Wednesday, October 24, 2018

And You Thought It Couldn’t Get Any Worst

Well guess again!

It can get much worse now that Kavanaugh on the bench.
Anti-LGBT lawsuits already headed Justice Kavanaugh’s way
Washington Blade
By Chris Johnson
October 17, 2018

Precisely on cue with the confirmation of Brett Kavanaugh to the U.S. Supreme Court, anti-LGBT groups have filed lawsuits challenging LGBT rights that may in the near future serve to test the new justice on his position on the issue.

The complaints — two filed in federal court, one filed in state court — were filed in Texas and seek to challenge the City of Austin’s LGBT-inclusive non-discrimination ordinance and the U.S. Equal Employment Opportunity Commission, the U.S. agency charged with federal employment civil rights law, over its interpretation of Title VII to prohibit anti-LGBT discrimination in the workforce.

But Austin’s LGBT-inclusive ordinance has been on the books for some time and the EEOC has taken charge of anti-LGBT discrimination for years under Title VII of the Civil Rights Act of 1964. (The EEOC determined in the 2012 decision of Macy v. Holder that federal law bars anti-trans discrimination in employment and in the 2015 decision of Baldwin c. Foxx federal law bars anti-gay discrimination.)
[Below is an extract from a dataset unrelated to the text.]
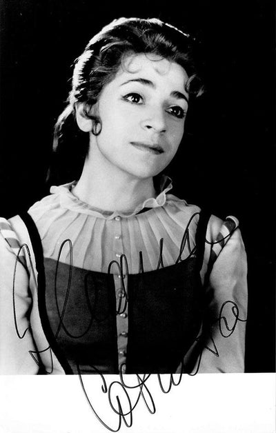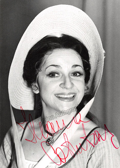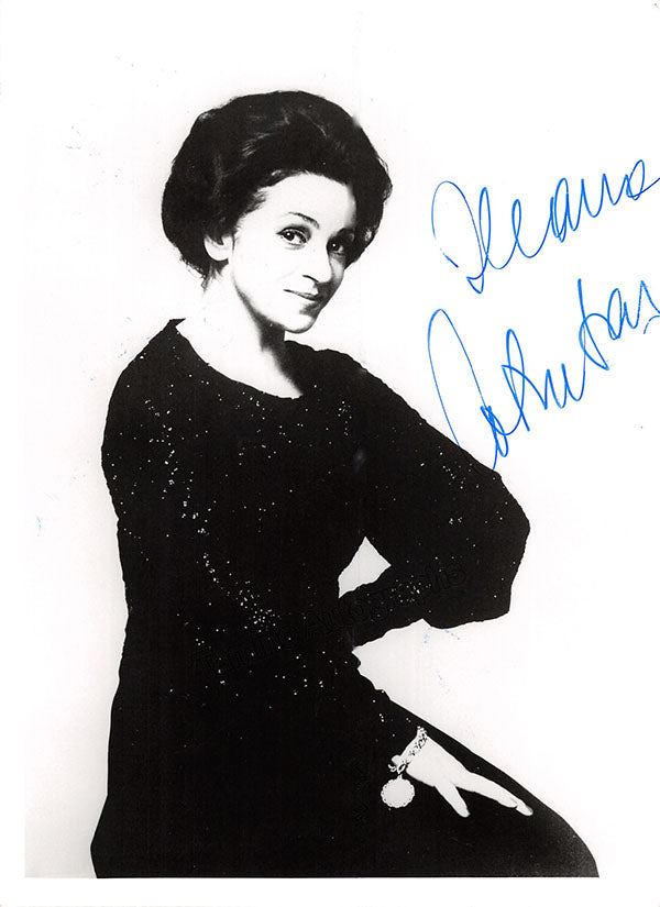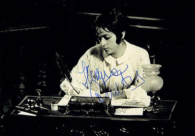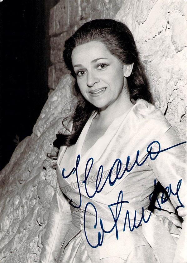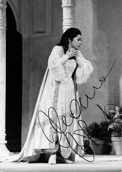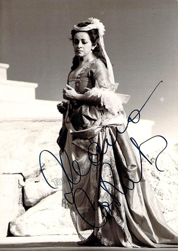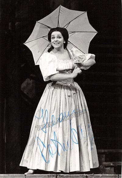 Signed photograph, shown as Adina in Donizetti's L'Elisir D' Amore. Stamped on verso by photographer Clive Barda, London. Size is 4.25 x 6.25 inches, in excellent condition.

Conspicuously, the two federal lawsuits were filed on Oct. 6, the exact date Kavanaugh was confirmed as a U.S. associate justice to the Supreme Court. Kavanaugh won’t have a chance to act on the newly filed lawsuits anytime soon, but they will likely percolate through the courts, giving anti-LGBT groups the opportunity to file petitions for review.
And here is the kicker…
The federal lawsuit against EEOC asserts the LGBT protections violate the religious freedom of churches under the First Amendment and the Religious Freedom Restoration Act by forcing them to hire employee who are LGBT despite religious objections of the employer. (Current law doesn’t require churches to hire pastors who are LGBT contrary to religious beliefs, but does prohibit religiously affiliated organizations from engaging in anti-LGBT discrimination for non-ministerial positions.)
[…]
The religious freedom claims in the lawsuits may be seeking to capitalize on Kavanaugh’s remarks during his confirmation hearing, when Kavanaugh said in response to questions from conservative senators like Ted Cruz (R-Texas) that religious freedom should be protected in the “public square.”

“The Framers understood the importance of protecting conscience,” Kavanaugh said. “It’s akin to the free speech protection in many ways. No matter what God you worship, or if you worship no God at all, you are equally American…If you have religious beliefs, religious people, religious speech, you have just as much right to be in the public square and to participate in public programs as others do. You can’t be denied just because of religious status.”
Okay, up until now the test if a law violated the First Amendment was if a law was religiously neutral; in other words if the law was not targeted at a specific religion. A law like the Civil Rights Act of 1964 was religiously neutral it didn’t promote or hinder a religion.

Cornell Law School writes in part,
In interpreting and applying the Free Exercise Clause, the Court has consistently held religious beliefs to be absolutely immune from governmental interference. But it has used a number of standards to review government action restrictive of religiously motivated conduct, ranging from formal neutrality to clear and present danger to strict scrutiny. For cases of intentional governmental discrimination against religion, the Court still employs strict scrutiny. But for most other free exercise cases it has now reverted to a standard of formal neutrality. “[T]he right of free exercise,” it has stated, “does not relieve an individual of the obligation to comply with a ‘valid and neutral law of general applicability on the ground the law proscribes (or prescribes) conduct that his religion prescribes (or proscribes).’ ”[My emphasis]
But now that is being twisted.

Now the judges appointed by the Republicans are saying that “neutral laws” like non-discrimination acts can be ignored if it “violates your religion.” So what this means is that anyone can disregard that they don’t like by claiming it is against their religion.

Right now the Republican are focusing on us, LGBT people but their argument I see being used to discriminate against blacks, Muslims, Jews, and other minorities. We are on track to become like Saudi Arabia, and Iraq that are theocracies overseen by oligarchies.



I am away this morning teaching two classes in Public Health down at Southern Connecticut State University.